Take internet of things (IoT) sensors, used to monitor everything from traffic patterns and parking to air quality and infrastructure integrity. These sensors are generating mass amounts of data, but are cities set up to process it? This data is only useful if it triggers automatic workflows and information is disseminated in real time — and for that, IT infrastructures need to have the right building blocks.
As governments are faced with delivering more services with fewer resources, residents are expecting their governments to deliver services like they are used to in their lives as consumers. In order for governments to do this, they must be able to operate efficiently and analyze data where it is created. Data powers emerging technologies such as artificial intelligence (AI) and deep learning, and it is bringing things to the next level. Additionally, it allows governments to automate infrastructure, which in turn enables greater efficiency — allowing them to improve citizen service.
While the volume of unstructured data such as geospatial and social has exploded, legacy storage built to house that data has not fundamentally changed in decades. Deep learning, graphics processing units (GPUs) and the ability to store and process very large datasets at high speed are fundamental for AI. Deep learning and GPUs are massively parallel, but legacy storage technologies were not designed for these workloads — they were designed in an era with an entirely different set of expectations around speed, capacity and density requirements.
Today’s infrastructure wasn’t built from scratch to implement a cohesive data strategy — it was built over time, probably project by project and is likely fragmented and not very agile. Is it time to consider if cities are ready for a storage transformation?
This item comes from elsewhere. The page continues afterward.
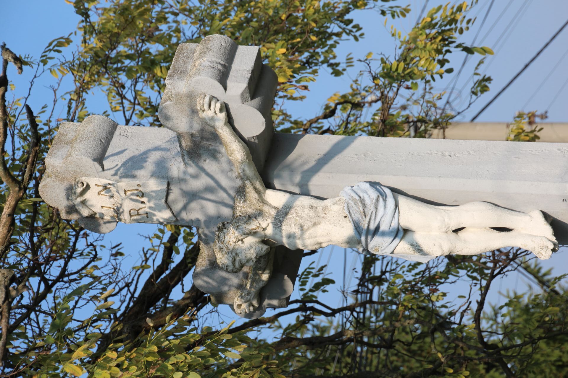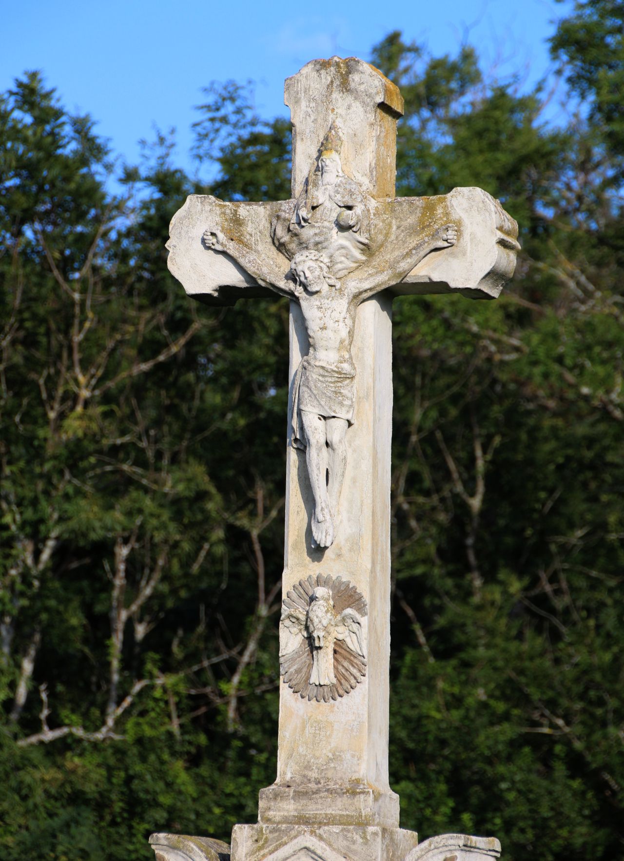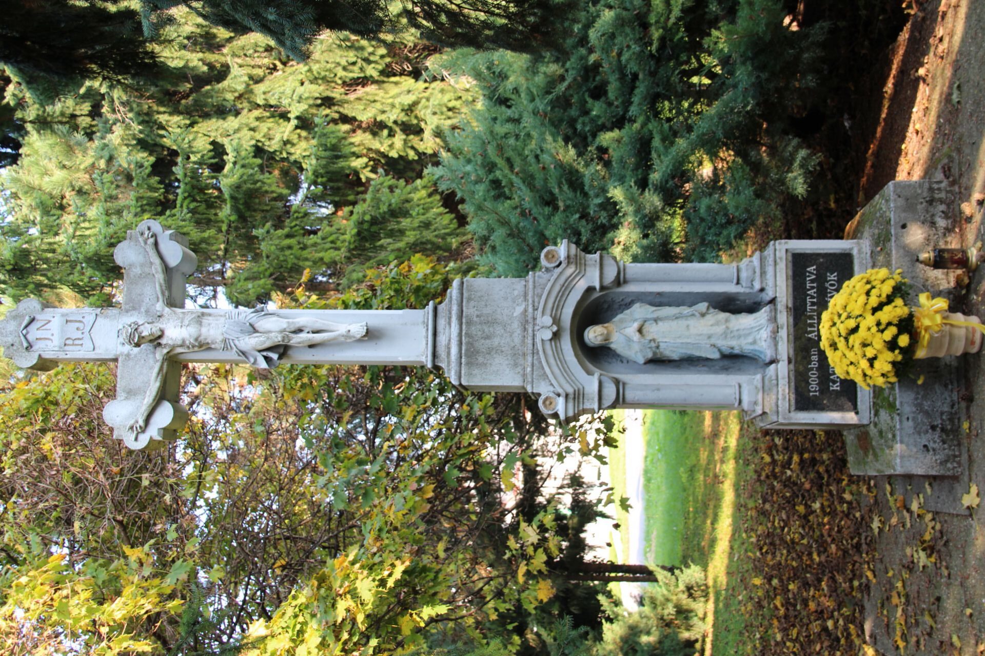 Az újabb központi kereszt szürke műkőből készült. A betonalapzaton álló, egyenes szárvégű kereszt oszlopán ez a dedikáció áll: „Isten dicsőségére állította özv. Kráncs Jánosné 1968. Jézus add, hogy hozzád térjek, veled haljak, veled éljek.” A kereszten ezüstözött vaskorpusz látható, jobbra fordított fejjel, kifeszített karokkal, egymás mellé helyezett két lábszárral.Read More

The short answer: They have to be, and the focus must be around creating an infrastructure that is designed with data in mind. In order to be prepared for next-generation governing, cities must focus on IT infrastructure from the bottom up, consider data a factor when making key decisions and focus on three key principles.
Consolidate & simplify
To drive efficiency and achieve the potential of data, it is essential for cities to consolidate and move away from data islands. They must focus on consolidating applications into large storage pools, where what used to be tiers of storage can all be simplified into one. This drives efficiency, agility and security — which all play a role in a successful next-generation government.
Process in real-time
Data must be processed in real-time because it makes applications faster, time to action more instant and immersive, employees more productive and citizens safer and more satisfied.
Embrace on demand & self-driving storage
On demand and self-driving storage represents a paradigm shift in terms of how we think about operating storage. What if a storage team could stop being a storage operations team, and instead think about their mission as running an in-house storage service provider? What if they could deliver data-as-a-service, on demand, to each of the development teams, just like those developers could get from the public cloud? Instead of the endless cycle of reactive troubleshooting, what if the storage team could spend its time automating and orchestrating the infrastructure to make it self-driving and ultra-agile? With the pressure for government to run more like a business, there must be a big shift towards efficiency.
A data-centric architecture will simplify performance of core applications while reducing cost of IT; empower developers with on-demand data, making builds faster; and enable the agility required for DevOps and the continuous integration/continuous delivery (CD) pipeline. It will deliver next-gen analytics as well as act as a data hub for the modern data pipeline, including powering AI initiatives.
In short, a data-centric architecture will give cities the platform they need to stay ahead of these impactful emerging technologies. It’s not about how much data cities have – it’s about what they can do with it. And those impactful and meaningful projects start with data at the center of the IT infrastructure strategy.